08-15-2017 11:09 PM - edited 03-08-2019 11:45 AM
We want to protect our network from unmananged switches. i have already enable BPDU gurd but it does not blocked unmanaged swithes. Is there any sloution for protect our network other than port security? thanks in advance
08-16-2017 12:33 AM
You could use port-security lock down the ports so only certain macs and certain amounts are allowed through ports and shutdown the port if not matched
As good practice you should shut down any un used ports to may help if someone tries to connect without you knowing
good article on PS
http://www.techrepublic.com/blog/it-security/lock-down-cisco-switch-port-security-88196/
08-16-2017 01:46 AM
There is no other solution - port security is the only option as far as I am aware of.

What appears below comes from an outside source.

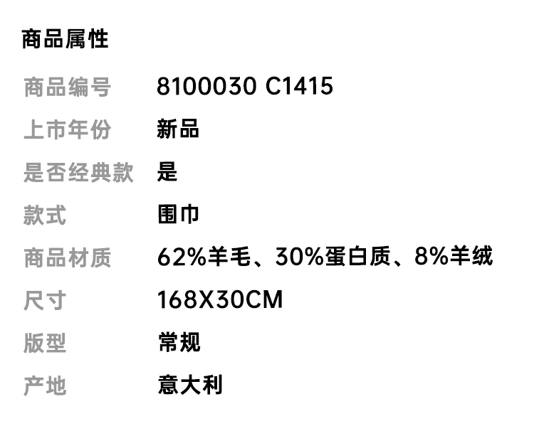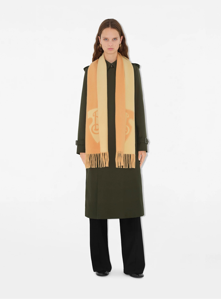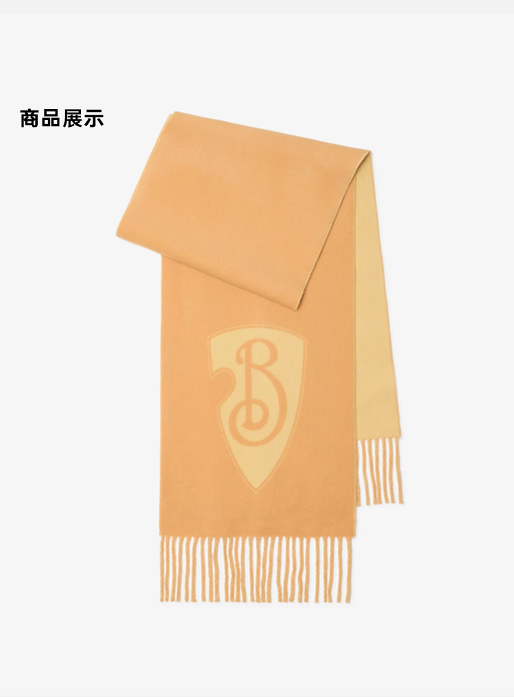 BURBERRY 巴宝莉 男女同款B Shield Wool Brewed Protein™ 羊绒混纺围巾 浅黄色 8100030 C1415

Unmanaged switches are completely transparent (there is no STP on those devices, so BPDU guard is useless in attempt to detect unmanaged switches) and other than limiting number of MAC addresses per port there is no other option.
08-16-2017 06:50 AM
Hello
You could used 802.1X port authentication which will not allow any access until the user or device is authorised by the ACS unless you enable mac bypass feature
Without 802.1x it would be down to Port Security.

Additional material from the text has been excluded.